Com isso, pode-se dizer que o campo de interpretações da filosofia kantiana é
vasto, mas não se pode perder de vista o amadurecimento do pensamento de Kant, além
de considerar que os escritos pré-críticos possuem sua importância. Por outro lado,
traçar um marco de ruptura entre uma filosofia e outra, serve, em alguns aspectos, para
melhor entender a intenção do filósofo e buscar, ao menos, traçar a linha de pensamento
deste, a fim de compreender todo o contexto e ampliação de sua filosofia.

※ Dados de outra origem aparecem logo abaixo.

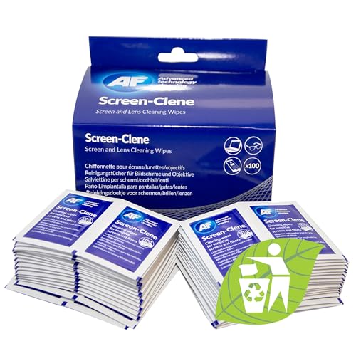 AF Screen Clene rengöringsdukar – 100 förfuktade våtservetter. Antistatiska rengöringsdukar för smartphones, TV-apparater, glasögonlinser, bärbara datorer, bildskärmar och surfplattor SCS100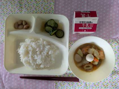 関東煮、きゅうりの梅風味、とら豆の煮もの、ごはん、牛乳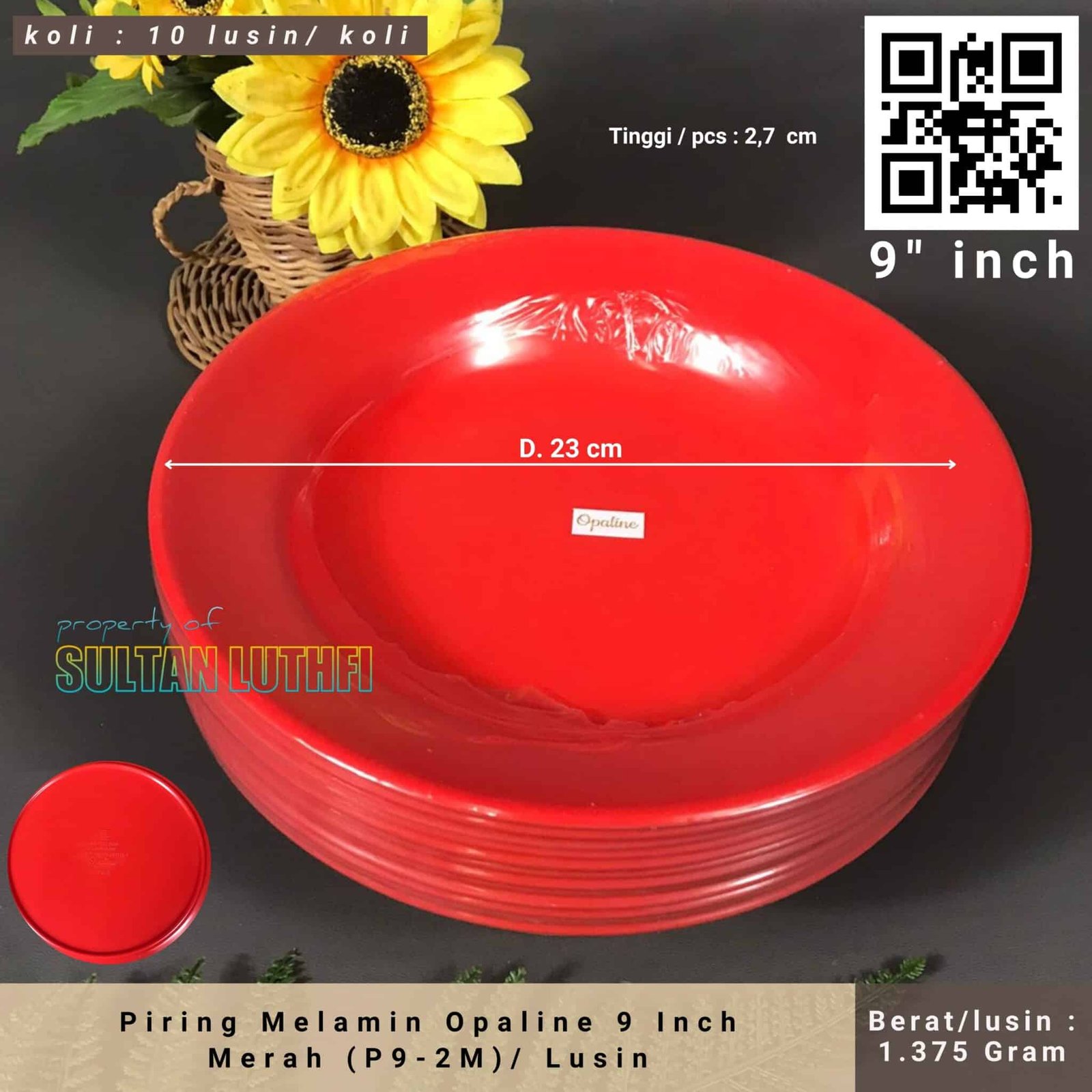 Piring Melamin Opaline 9 Inch Merah (P9-2M)/ Lusin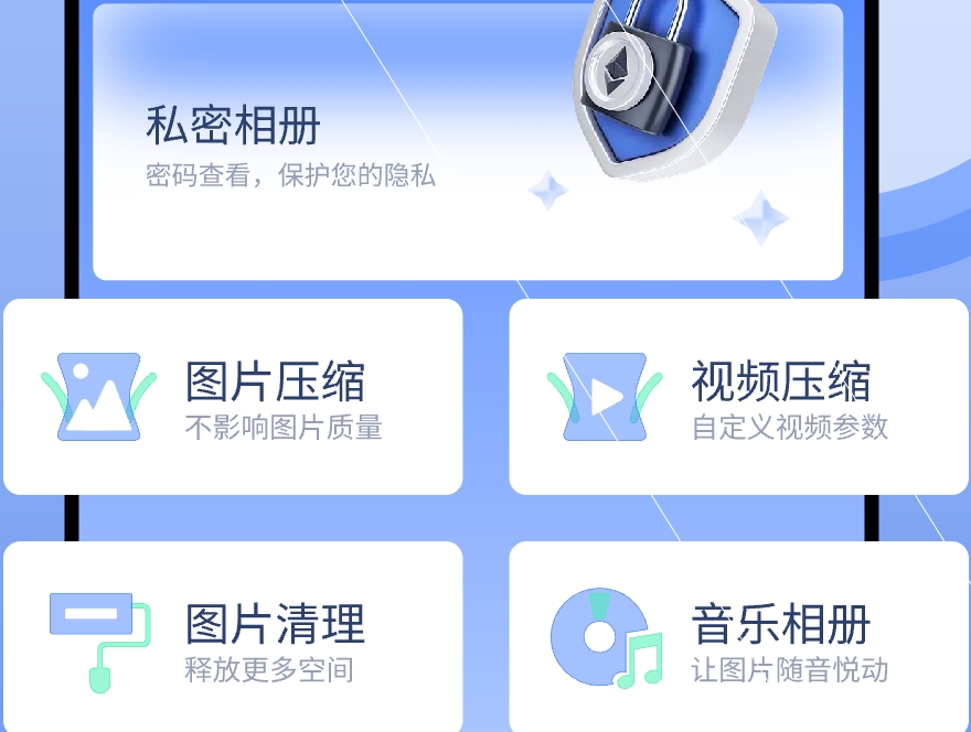 这是一款实用的手机相册管理类工具, 在里面大家能优雅展示属于自己的照片,包括利用加密的方式来保存私密的作品,其数据也很是安全与可靠,包括强大的图片编辑以及压缩功能也会给到大家哦。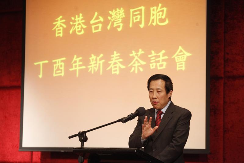圖:中聯辦副主任楊建平十三日在「香港台灣同胞丁酉年新春茶話會」上致辭 大公報攝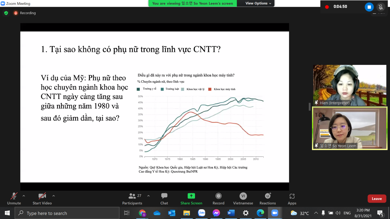 Buổi chiều cùng ngày, bà Lim Soyeon, Giáo sư, Đại học nữ Sookmyung đã trình bày về các khoảng cách giới trong kỹ thuật số; vấn đề công nghệ thông tin truyền thông và trao quyền cho phụ nữ: vấn đề quá ít/nhiều phụ nữ trong lĩnh vực công nghệ thông tin hay vấn đề phụ nữ có sợ công nghệ hay không. Bà Lim đã đặt ra các câu hỏi thảo luận về yếu tố ảnh hưởng đến khoảng cách giới tới kỹ thuật số, thảo luận sâu về nhiều vấn đề xoay quanh khoảng cách giới trong STEM nói riêng và công nghệ thông tin và truyền thông nói chung…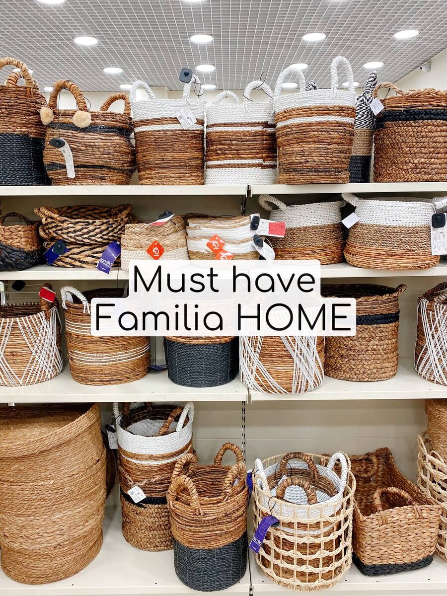 Расскажу про новый магазин Familia home. 🏠 Он находится пока только в одном торговом центре - ТЦ РИВЬЕРА м. Тульская. Сам бутик очень маленький, но не смотря на это выбор товаров для дома обширный. На что я советую обратить внимание: • Корзины для хранения - это самое топовое что там есть. Очень дешево (по сравнению с другими магазинами и маркетплейсами). • Коврики - очень похожие на H&M и Zara HOME. В ванну, прикроватную зону, прихожую - будет очень красиво. Опять же цена супер. Цвета универсальные, под все подойдут. • Зеркала, их много, разных размеров и форм. Мне очень понравились. • Рамочки для фото - от маленьких до больших. Приятные по соотношению цена-качество. • Банки для хранения сыпучих продуктов. Они в основном стеклянные, не дорогие, можно подобрать себе хороший набор. • Посуда так же имеется, но она вся разная, набор подобрать тяжело. И цвета очень мрачные - в основном темно коричневые и синие. • Есть вазы - всех размеров и универсальные, впишутся в интерьер. Магаз

Por fim, a busca pela interpretação dos Sonhos de um visionário dentro do
contexto da filosofia crítica de Kant conduz a outras interpretações e aproximações. Há
também possíveis aproximações entre os Sonhos e a Crítica da razão pura (Dialética
Transcendental), isso no contexto da ilusão de conhecer o mundo suprassensível. Tal
tentativa de aproximação abre as portas para uma pesquisa que fundamente a Dialética
Transcendental como uma ampliação da obra de 1766 (algo que pode ser compartilhado
com Jaume Pons [1982, p. 44]), passando ainda pela quinta parte da “Dissertação de
1770”, a qual também faz referência à Dialética Transcendental. Ou seja, existem
relações entre essas obras, existem pontos em comum entre os argumentos em
diferentes etapas do amadurecimento da filosofia kantiana.